Written By: Nik Aamlid
My children love escalators.
Whereas most parents will bring their kids to the store and be greeted with the question, “Can we buy something?,” our kids ask, “Do they have those sliding stairs?”
Despite our repeated efforts not to allow it, they find it particularly interesting to attempt and climb up the “down escalator.” So far, we have avoided any catastrophes.
As you plan for retirement, factoring in inflation can feel a bit like walking up the down escalator. If you stand still and do nothing, you will indeed move backwards alongside your nest egg’s purchasing power.

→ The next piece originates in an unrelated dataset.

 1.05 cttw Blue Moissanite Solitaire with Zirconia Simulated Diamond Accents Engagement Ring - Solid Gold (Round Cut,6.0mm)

If you’re like some of our clients, you may have concerns about looming inflation due to the incoming supply of economic stimulus. Regardless, inflation is an important principle that must be understood and prepared for for anyone looking to grow their wealth.
Let’s unpack the concept of inflation and answer some of the most recent questions our team has received on the topic.
What is inflation?
Inflation can be viewed in two ways: The general rise in prices of goods and services, or the decline in the purchasing power of your dollar over time. These are really two sides of the same coin.

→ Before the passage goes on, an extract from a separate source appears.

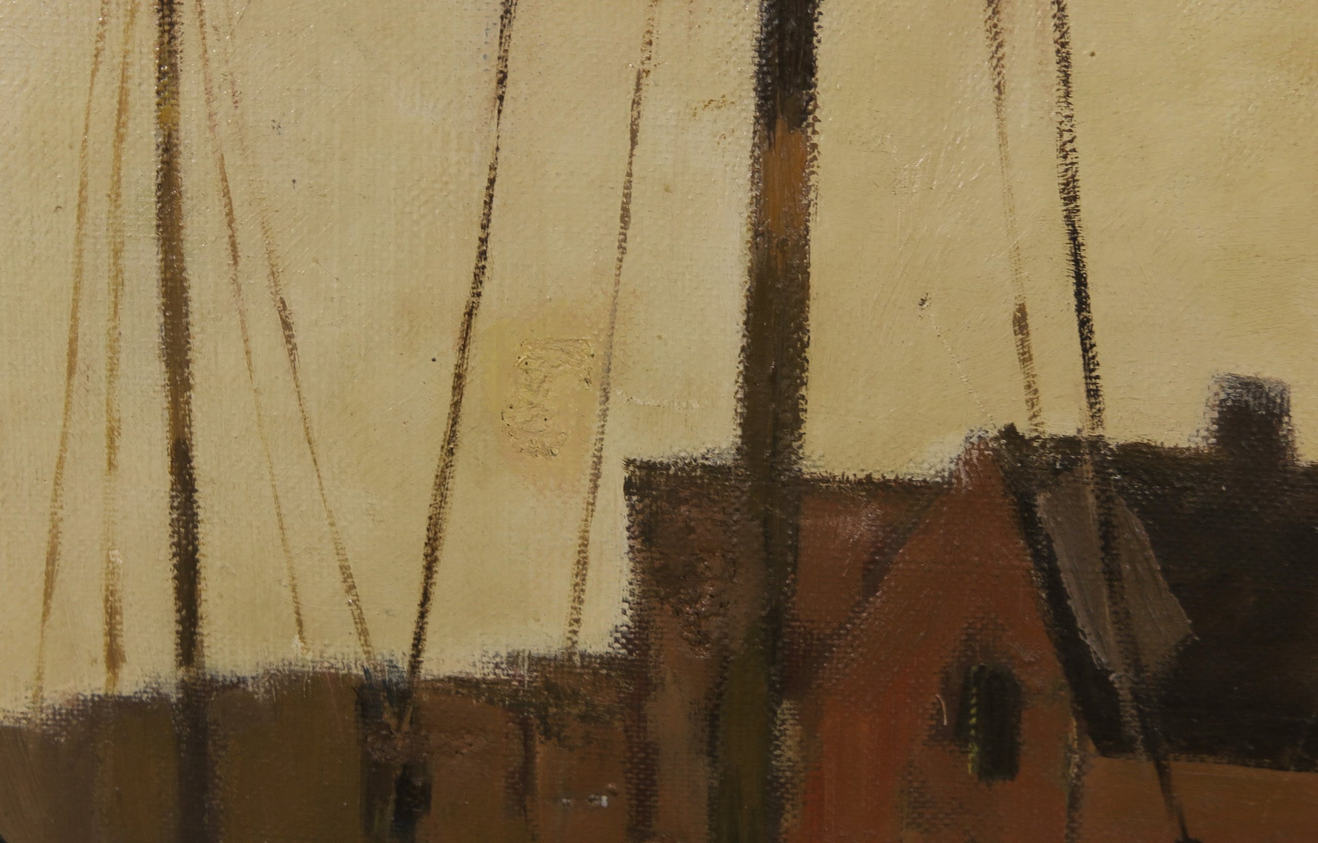 | spanning van het canvas is verminderd. Het doek heeft een paar reparaties ondergaan. | |

When Grandma or Grandpa recalls the time when “a cup of coffee was only twenty-five cents!” they are referring to inflation.
You will often see economists express inflation in percentage form. The average annual inflation from 1990 through the end of 2018 was 2.46%
What causes inflation?
Inflation is caused by a number of factors, but usually can be traced to an increase in the money supply in an economy. The recent stimulus packages are an excellent example of the ways new money has been introduced into the system with just a few signatures.

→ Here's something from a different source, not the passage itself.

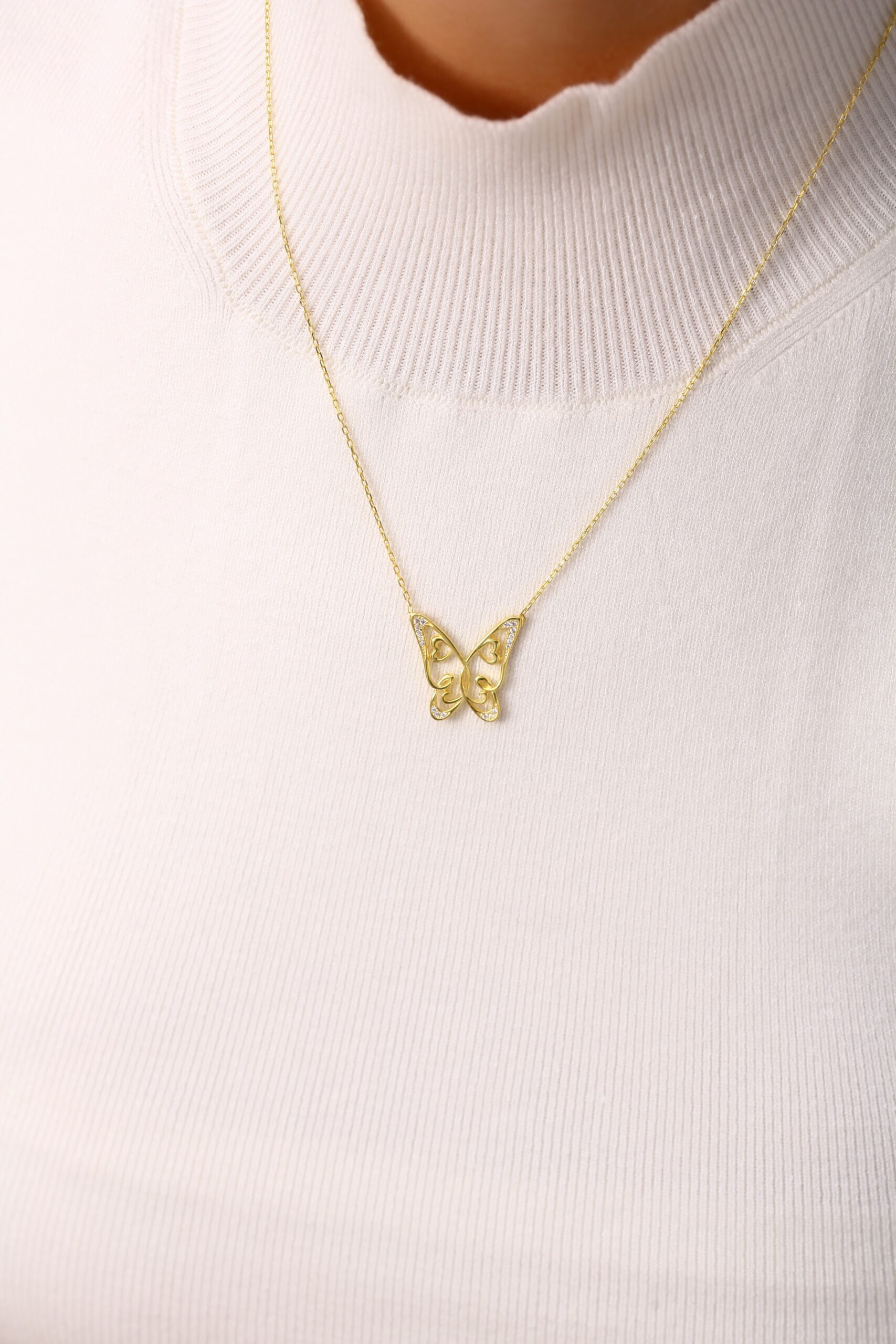 Minimal Kelebek Figürlü Altın Kaplama Kolye

There’s a saying, “If money grew on trees, it would be as valuable as leaves.” This visual helps us understand why printing money cannot go on in perpetuity, though it certainly can aid in keeping markets functioning during a downturn.
There’s a saying,“If money grew on trees, it would be as valuable as leaves.”
Earlier, I said the causes of inflation can usually be traced to an increase in the money supply. This can manifest itself in a number of ways, but there are other factors connected to the basic principle of supply and demand.
- Increased demand. When there is an increase in money supply in the system (e.g., the stimulus), this translates to an increase in demand for goods and services. This increase in demand typically leads to an increase in prices if supply remains unmoved.
- Increased production costs. Prices of commodities or raw materials can increase for a number of reasons, often due to supply. Lower supply does not necessarily mean lower demand, however, which sparks competition and drives prices higher. The higher costs of production will then be passed onto the consumer in the purchase of the final product. The recent housing market is a prime example of this. Lumber prices have skyrocketed for homebuilders, which are ultimately felt by the buyer.
- Expectations for inflation. As consumers, we project that inflation will carry on at moderate levels throughout our lifetimes. As such, we demand higher wages to compensate for these increased expenses. As wages increase for businesses, so do prices. In this way, inflation becomes almost a
self-fulfilling prophecy.
That’s great and all, but what do individual investors have to do with inflation matters?
What you should do about inflation.
Let’s go back to our escalator analogy for a minute.
Like we mentioned earlier, you will most certainly move backwards if you stand there and do nothing. (Think, burying your money in a tin can in the backyard. I don’t recommend this for a number of reasons, one of which being that paper money can and will disintegrate over long periods of time!)
Even if you move forward slowly (i.e., ultra-conservative investments), you will still move backwards, albeit at a slower pace.
If you want to make any progress up the escalator, you will need to move upwards faster than the escalator is bringing you downwards. With the Fed having set their target inflation rate at around 2%, your investments will have to earn at minimum 2% annually.
If you want to make any progress up the escalator, you will need to move upwards faster than the escalator is bringing you downwards.
Certain asset classes are better protected against inflation than others, including equities, real estate, and commodities. It’s matters like these where having a certified investment professional on your team can serve your portfolio well if managed properly.
Ultimately, the best thing an individual investor can do to protect themselves against inflation over the long term is to maintain a balanced portfolio. Investments should be diversified enough to withstand the downturns and aggressive enough to prevent the backwards push of inflation.
Conclusion
We’ve just defined and examined the fundamental causes of inflation in the economy.
To help paint the picture as it relates to you, the individual investor, we compared inflation to a downward escalator inhibiting you from reaching the pinnacle. In this visual, the speed of the escalator is analogous to the rate of inflation.
Here’s the deal: You cannot control the speed of the escalator… unless perhaps you become chair of the Fed.
Recent stimulus packages and governmental maneuvers may lead you to worry about rising inflation. We won’t speculate on outcomes in this article, though we have our opinions on where inflation is headed over the near term.
The important matter is that you understand the basic principle of inflation and your role in combating it in your investments.
Do this and you’ll already be ahead of the curve.
A diversified portfolio does not assure a profit or protect against loss in a declining market.